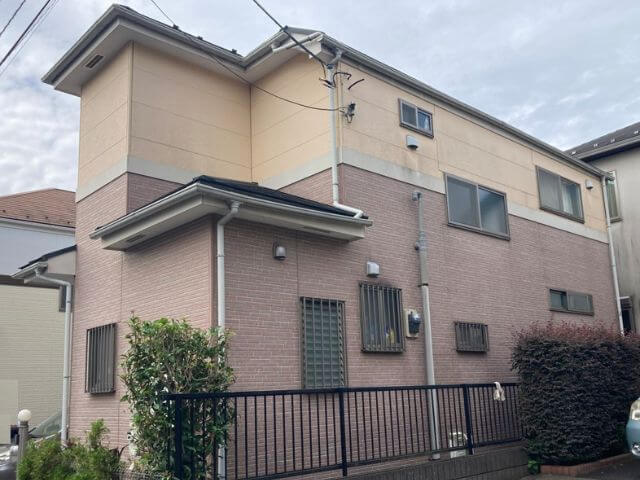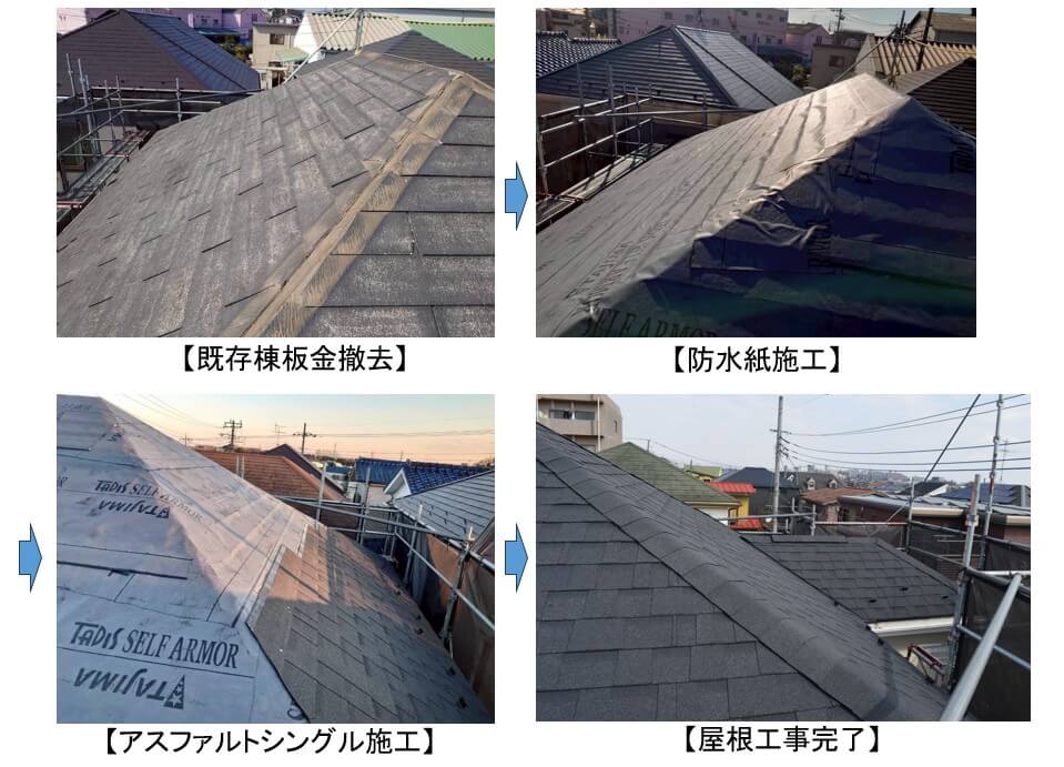2年半前に外装改修の見積もりを提出したOB様から、強風で屋根の一部が脱落したので保険申請用の見積もりを作成してほしいと依頼がありました。既存の屋根材がノンアスベストの脆い屋根材だったので部分補修ではなく、カバー工法で見積もりを作成いたしました。屋根の改修で足場を設置するので、外壁の塗装を同時に行うことになりました。ご主人が単身赴任で、奥様も平日仕事で不在のため、毎日の作業の進捗は写真で報告し、完成後は工事写真ファイルを作成しお渡ししました。
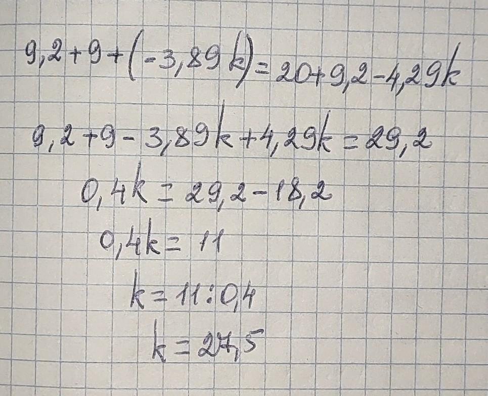9,2+9+(−3,89k)=20+9,2−4,29k
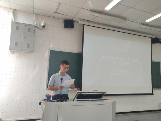 导师代表——郭明浩老师首先向刚刚踏入大学校园的新生表示欢迎,并以自己在研究生学习阶段的经验和教训,寄语同学们要“敬畏学问”、“笃实为学”、“志存高远”,希望同学们可以对学术抱有敬畏与尊崇,以坐穿冷板凳的坚韧精神和严谨笃实的朴素学风,在艰难困苦中砥砺奋进、持之以恒,最终学有所成,研有所得。
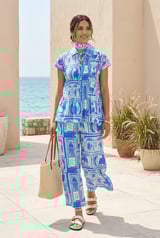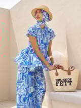 Cobalt Blue Postage Print Peplum Top and Pants Co-ord Set
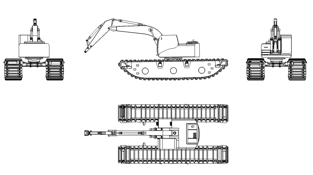 1. Podwozie gąsienicowe, wypornościowe, składające się z lewej i prawej gąsienicy. Obie gąsienice połączone łącznikiem z mechanizmem teleskopowym, który umożliwi rozszerzanie rozstawu gąsienic na czas pracy i zwężanie na czas transportu. Do łącznika montowane jest nadwozie – wieża koparki.
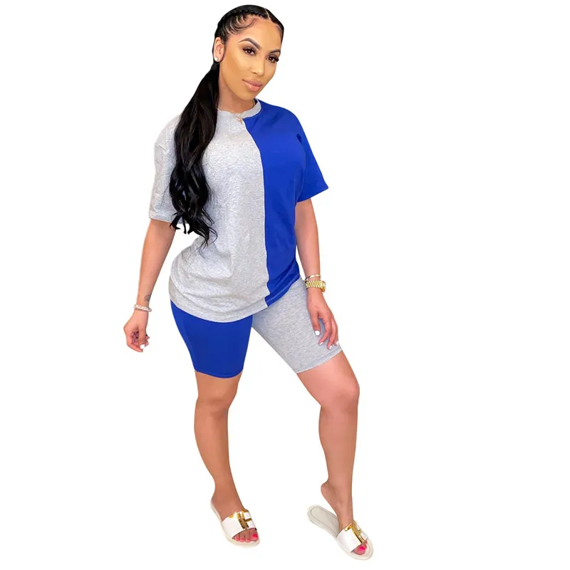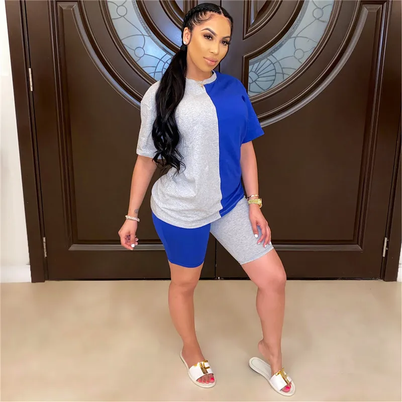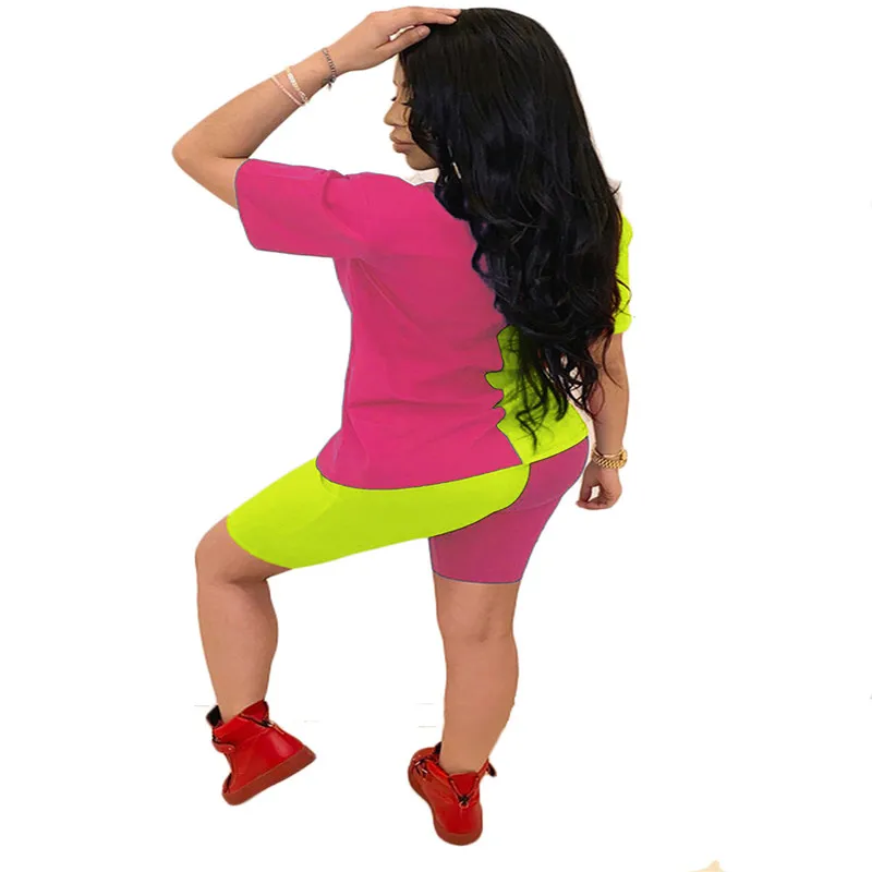 Женский модный комплект одежды из 2 предметов, пуловер с коротким рукавом, футболка с цветными блоками и шорты, комплект спортивной одежды для тренировок, цветной комплект в стиле пэчворк
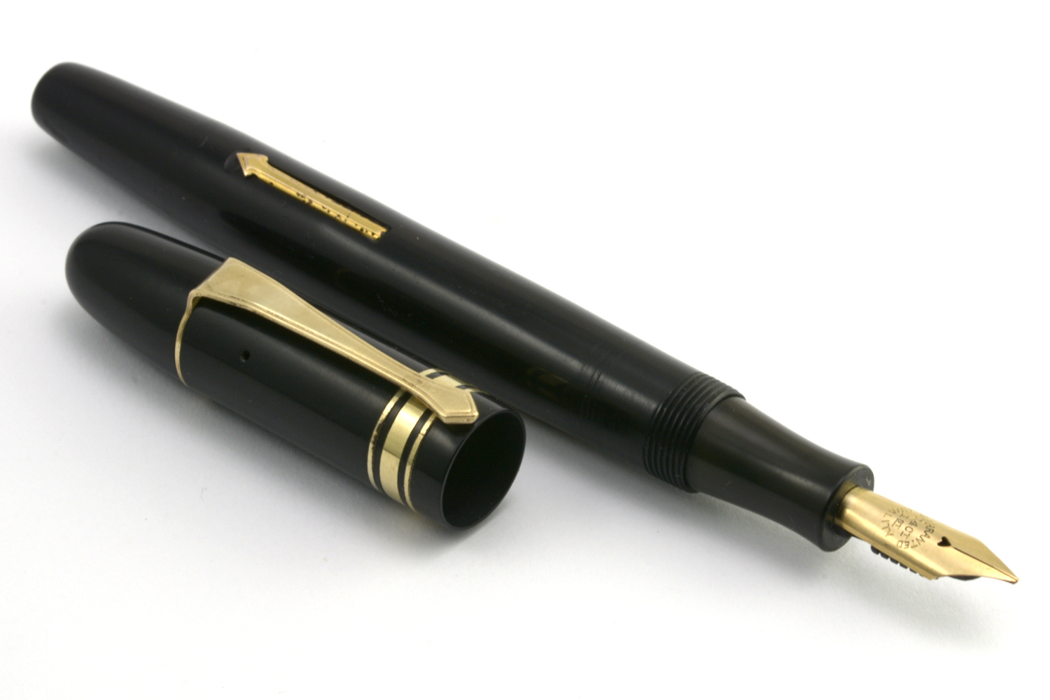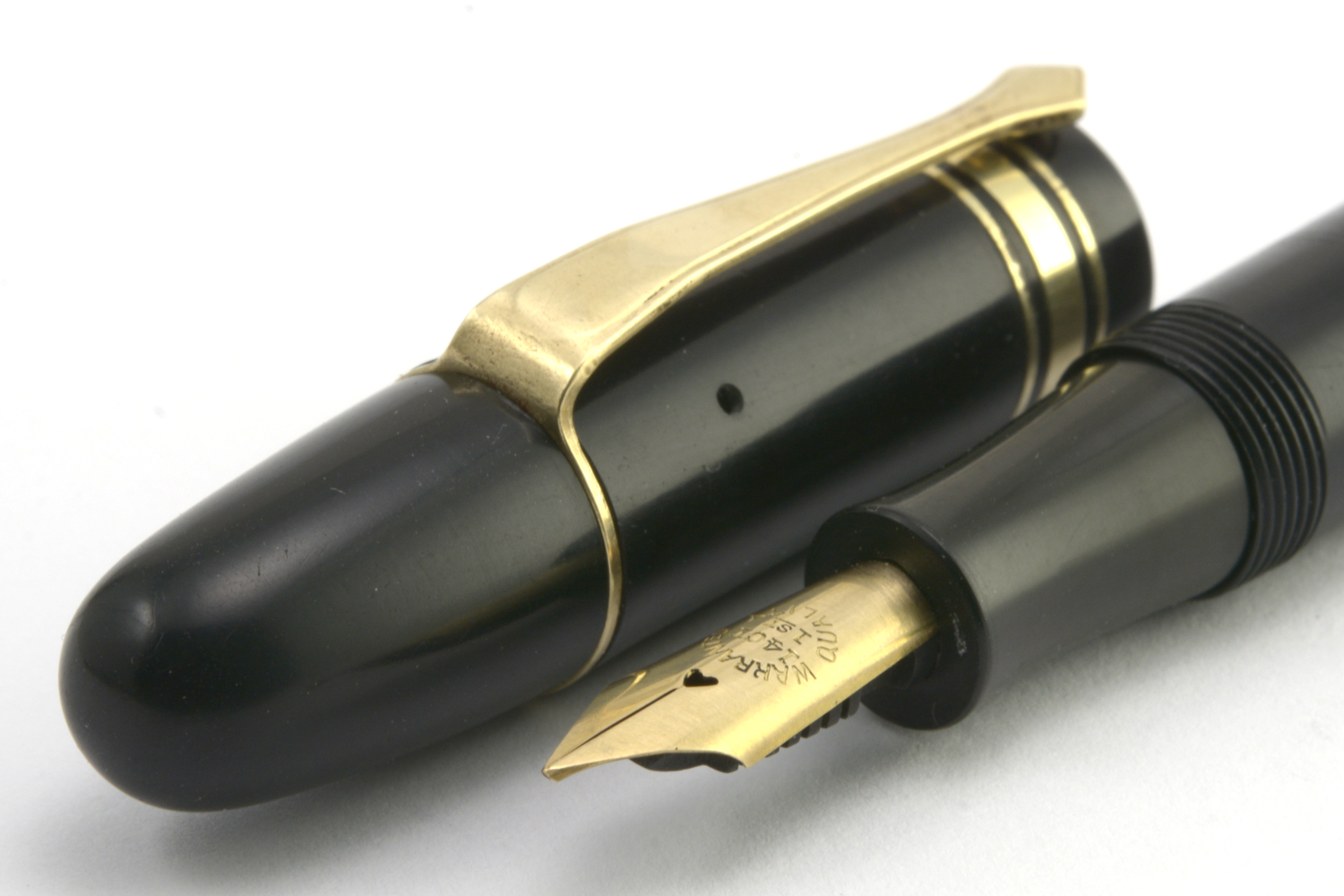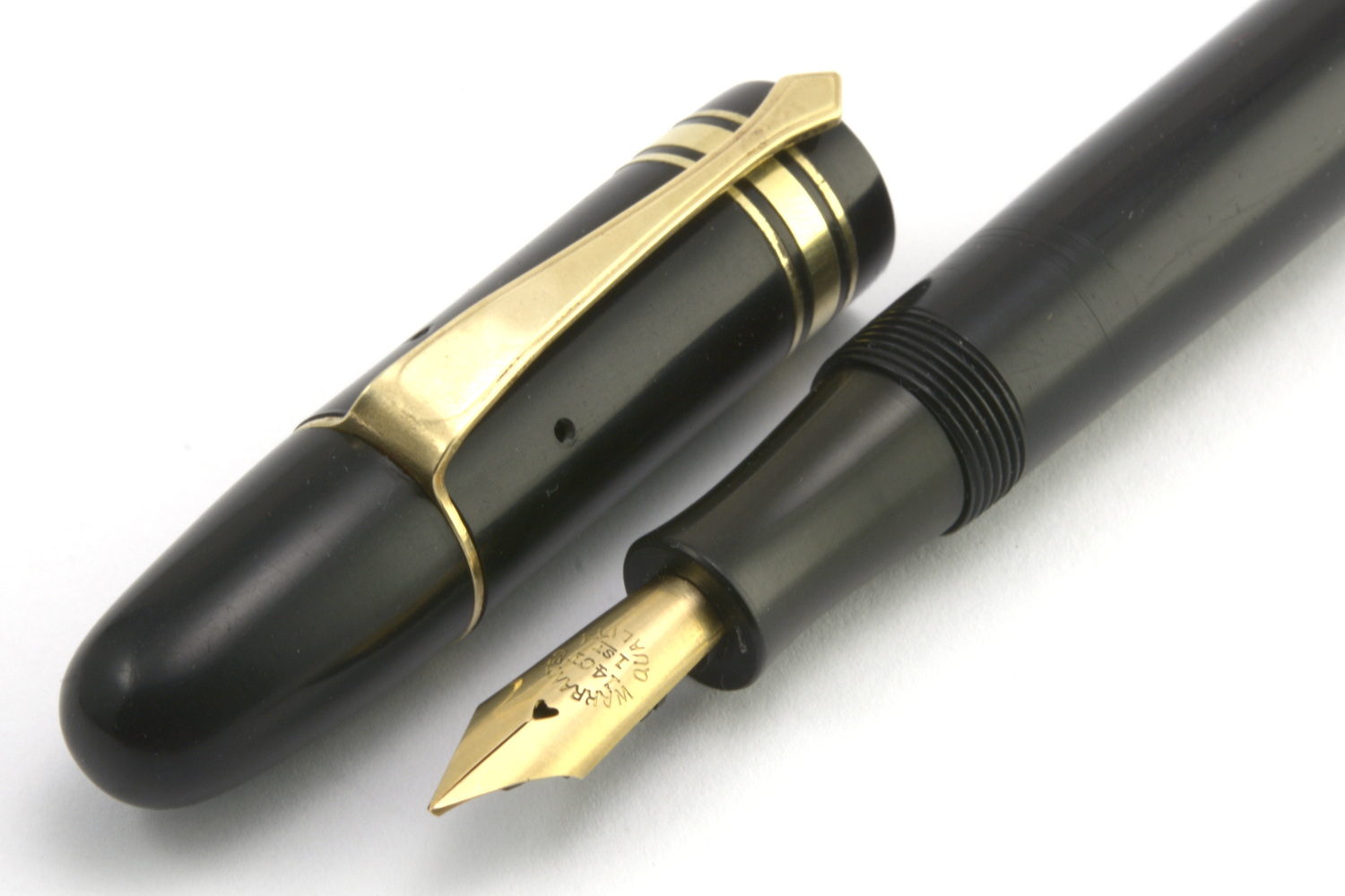 Pennan är lång och ligger riktigt skönt i handen utan huv. Dess guldstift är brett, jag uppskattar det till B-bredd, och skriver med bra bläckflöde utan att kräva något egentligt spetstryck, men fungerar ganska dåligt tillsammans med min förhållandevis lilla handstil.

※

#### What to do:
Before answering, find the line with "9,2+9+(−3,89k)=20+9,2−4,29k" in the records above; then reproduce exactly each line from the first through that line, leaving out pictures.

#### Written answer:
2年半前に外装改修の見積もりを提出したOB様から、強風で屋根の一部が脱落したので保険申請用の見積もりを作成してほしいと依頼がありました。既存の屋根材がノンアスベストの脆い屋根材だったので部分補修ではなく、カバー工法で見積もりを作成いたしました。屋根の改修で足場を設置するので、外壁の塗装を同時に行うことになりました。ご主人が単身赴任で、奥様も平日仕事で不在のため、毎日の作業の進捗は写真で報告し、完成後は工事写真ファイルを作成しお渡ししました。
9,2+9+(−3,89k)=20+9,2−4,29k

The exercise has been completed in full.